Другая надеялась, что он «в будущем будет любезнее с некоторыми заинтересованными лицами». Еще одна советовала, чтобы он «не увлекался, потому что все равно ничего не получит».
С меня было довольно, и я отшвырнул всю кипу… Школьные фотографии! Я даже представить себе не мог, чтобы мой брат был столь банален. Я уже собираюсь взять полисы и спуститься вниз, чтобы разобрать их при более ярком свете, как вдруг, перелистывая альбом с обложкой из тисненой кожи, замечаю в нем фотографию Вив. Она сидит рядом с маленьким очкастым мальчиком лет пяти-шести – верно, один из подрастающих Стамперов, – глядя на длинную тень фотографа, лежащую перед ней на траве. Юбка у Вив широко разложена, волосы раздувает ветер, и она от души смеется, вероятно какой-то шутке, сказанной умной мамашей, чтобы рассмешить серьезного мальчика.
Само по себе качество фотографии очень слабое – вероятно, сделана маленьким и дешевым фотоаппаратом, но с точки зрения освещения и расплывшегося фокуса она почти шедевр… поэтому, несмотря на все ее недостатки, я понимаю, почему она была увеличена. Вив на снимке не слишком напоминает ту, что можно видеть каждый день жарящей сосиски, борющейся с непослушной прядью, подметающей мусор или развешивающей белье над плитой в гостиной… но не это было важно; очарование фотографии заключалось в том, что она врасплох застигла существо, скрывающееся за жаркой сосисок или ведром с мусором. Смех, развевающиеся волосы, поворот головы – все мгновенно выражало то, на что ее улыбка обычно лишь намекала. Я решил, что возьму фотографию. Неужели я не заслужил даже фотографии, чтобы показать дома ребятам? Фотография была скреплена резинкой с еще какими-то документами, в которых у меня не было нужды, – запихаю снимок под рубашку, никто ничего и не заметит. Я принялся стаскивать резинку, но она так задеревенела от времени, что узел затянулся еще туже. «Не надо, пожалуйста…» Я поднес пакет ко рту, чтобы перекусить резинку, – руки у меня дрожали, я был на взводе, совершенно не соответствующем размеру моей кражи.
– Ну не надо.

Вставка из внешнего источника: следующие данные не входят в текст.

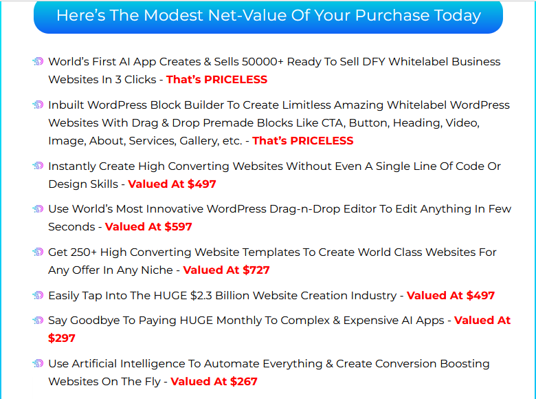 This cutting-edge AI app claims to be the first and only platform that creates and sells 50,000+ DFY business websites with inbuilt WordPress block builder capabilities. Whether you’re a business owner, marketer, or entrepreneur, DFY AI Sites eliminates the need for expensive third-party platforms, freelancers, and coding hassles.
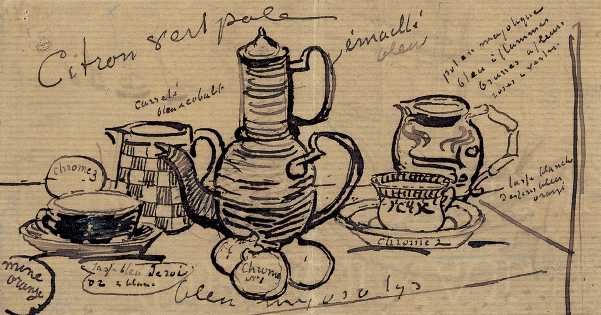 Van Gogh’s sketch of Still life with Coffee Pot with colour notations, in his letter to Emile Bernard from around 7 June 1888
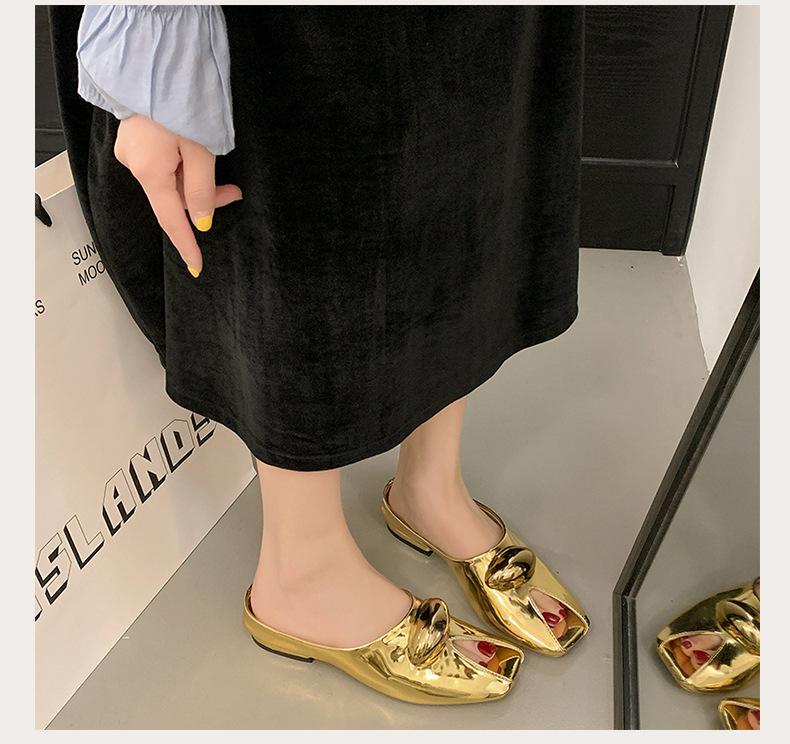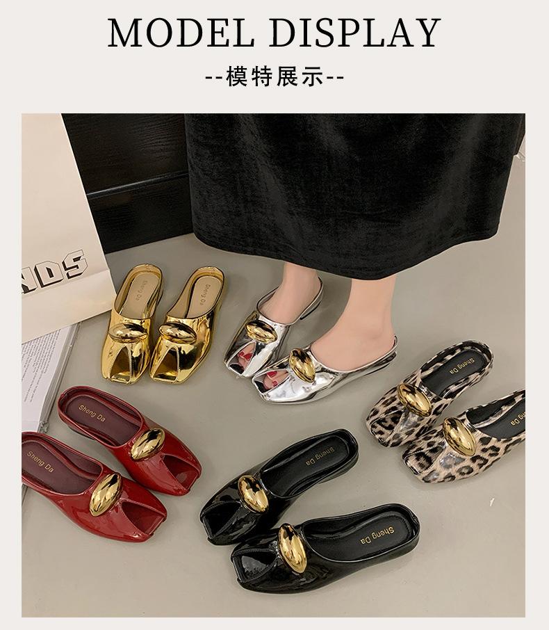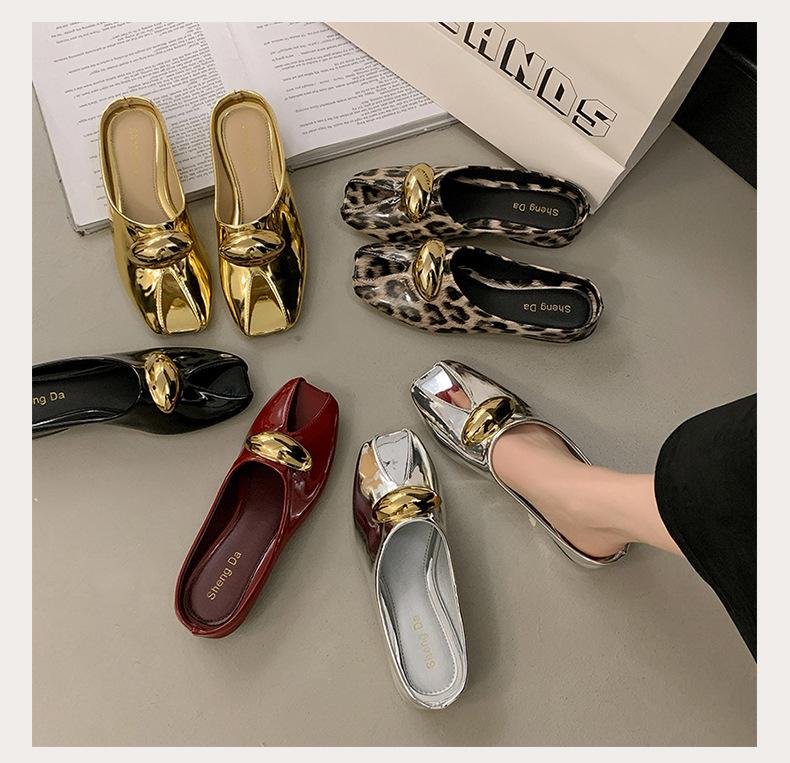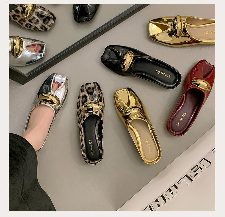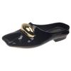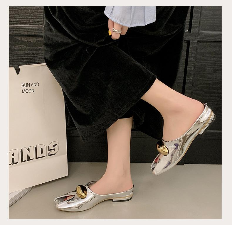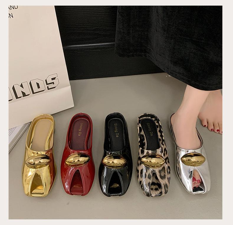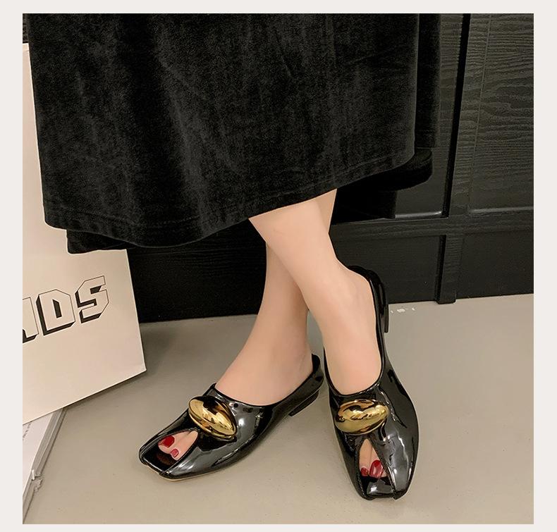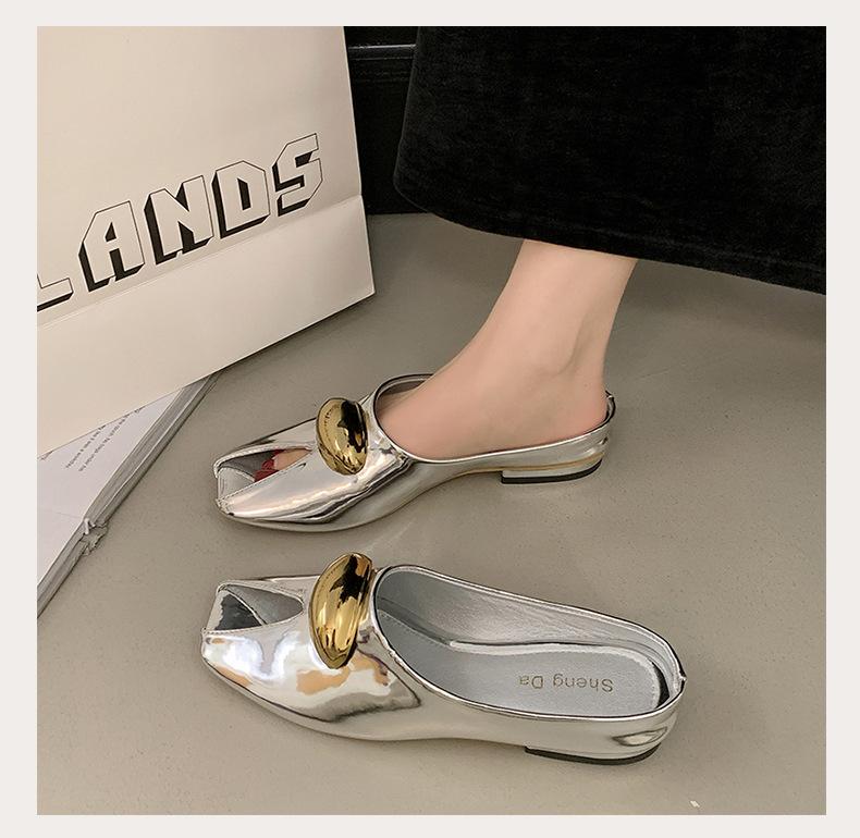 2025 Nuevas Elegantes Elegantes Hebilla Metálica Pantuflas Triangulares Boca de Pez Zapatos Planos de Moda Sandalias Francesas para Mujer

Пожалуйста. Будь моей. Пожалуйста, поедем со мной…
– Я не могу, Ли.
Я даже не понимал, что говорю вслух, пока она не ответила.
– Я просто не могу, Ли. Не надо, о, не надо, Ли… Я не чувствовал, что по моим щекам катятся
слезы. Передо мной расплывалась фотография, а сквозь пыль и паутину приближалась живая Вив.
– Но почему? – глупо спрашиваю я. Она уже совсем близко. – Почему ты не можешь просто все здесь бросить и?..
– Эй… – раздается хриплый голос, – …вы нашли тут то, что искали?
Он говорит из люка, но его лишенную тела голову не спутаешь с прочим барахлом.
– Господи, почему бы вам не организовать здесь свет? Как в могиле… нашли что-нибудь?..
– Кажется, я что-то нашел! – кричу я ему, пытаясь контролировать свой голос. – Куча полисов. Так что мы почти закончили.
– О'кей. Слышишь, Малыш: я собираюсь одеться и закинуть тебя через реку. Думаю, мне не помешает проветриться. Так что собирайся, пока я одеваюсь.
Голова исчезает. Люк захлопывается. Вив осталась в моих руках.
– Вот поэтому, Ли. Из-за него. Я не могу оставить его в таком состоянии…
– Вив, он же специально прикидывается больным, он совсем не болен…
– Я знаю.
– И он это знает. Неужели ты не чувствуешь, он все о нас знает? Вся эта болезнь только для того, чтобы удержать тебя.
– Я знаю, Ли… Поэтому-то я и говорю, что я…
– Вив, Вив, милая, послушай… он не больнее меня. Если бы тебя здесь не было, он стер бы меня в порошок.
– Но неужели ты не понимаешь, что это значит? Что это говорит о том, что он испытывает?
– Вив, милая, послушай, ты любишь меня! Что-что, но это я знаю точно.